Sure. First and foremost, do you have permission from your customers who you're researching and reporting on here? If you do, great, ignore me. If not you'd be breaching (my) trust if I was one of them. The data is not yours and it may be possible to infer who these datapoints belong to if so desired. If one could do that, they may be able to gain competitive advantage or otherwise exploit knowledge of infrastructure (social engineering for example).
There is a big difference, IMO, in someone like backblaze releasing statistics. They own all of the hardware and they choose to release the data themselves. You (on the surface) appear to be harvesting data from your customers, digging through it, and presenting it. You also point out very specific cases, rather than aggregate pseudonymous data.

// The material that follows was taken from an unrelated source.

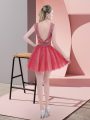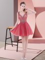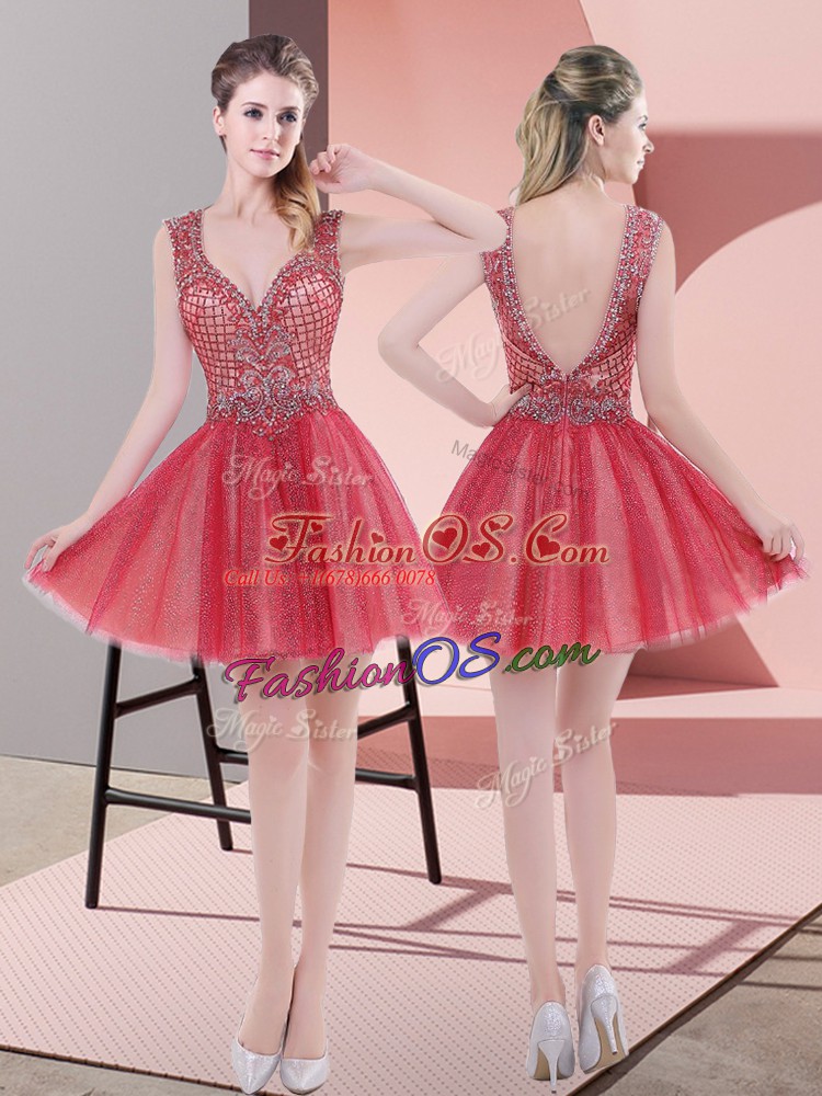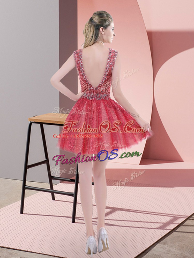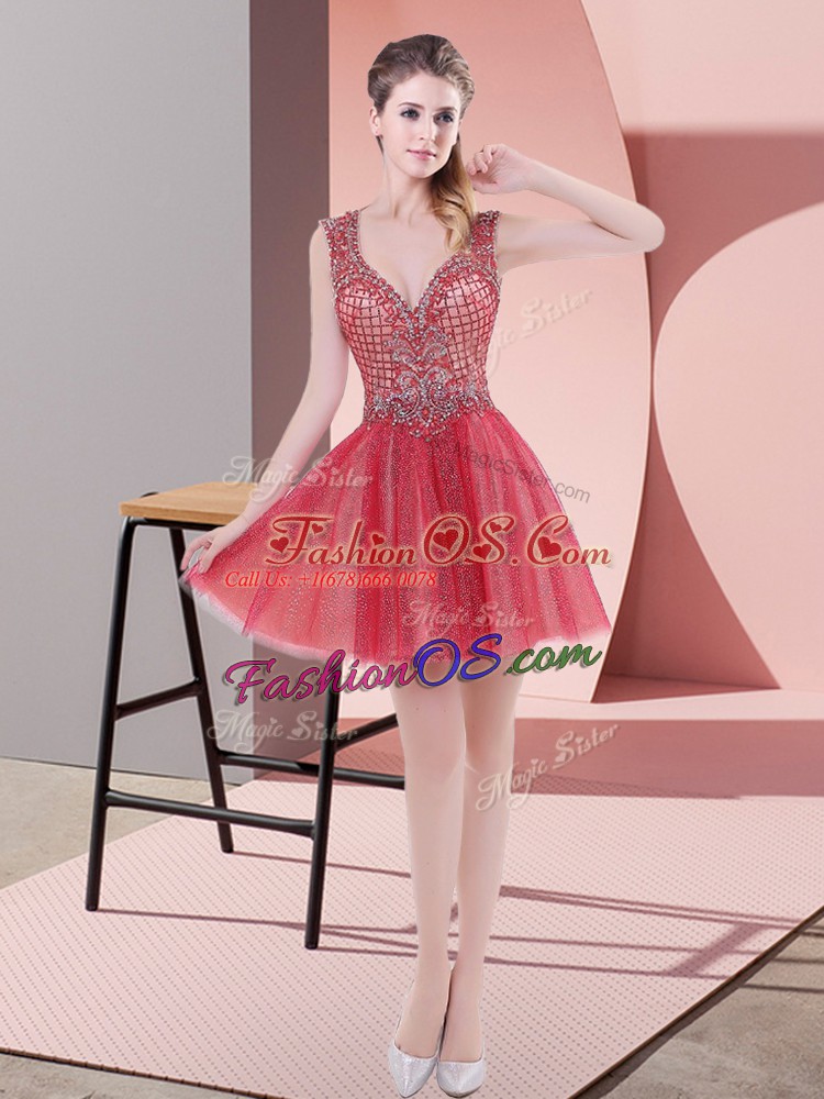 Watermelon Red A-line V-neck Sleeveless Tulle Mini Length Backless Beading Prom Dress

You are collecting sensitive data from your customers environments. This doesn't inspire confidence that you treat it as such.
Sure... so, showing "here is a weird disk pattern -- they were running X on top of it -- consider not running X on SSD" with a sampleset of 1 is a logical fallacy and kinda a bizarre post.
For small samplesets, going deep to understand unnecessary writes, tuning the clients and showing less SSD wear after tuning would be interesting. Or, assuming you have more than 1 client of each of these situations aggregating the data to show patterns would be far more useful. As has been mentioned elsewhere, for inspiration, Backblaze has really nice posts analyzing their device wear.
But while we do have a lot of clients, I really think that all of their setups are unique in some way. So starting from that we didn't find more Redises on ceph dumping a lot.
> tuning the clients and showing less SSD wear after tuning would be interesting.
Is just not an option for us, as we only do monitoring and don't have any ways of tuning.
What potential problems do you see?
Thanks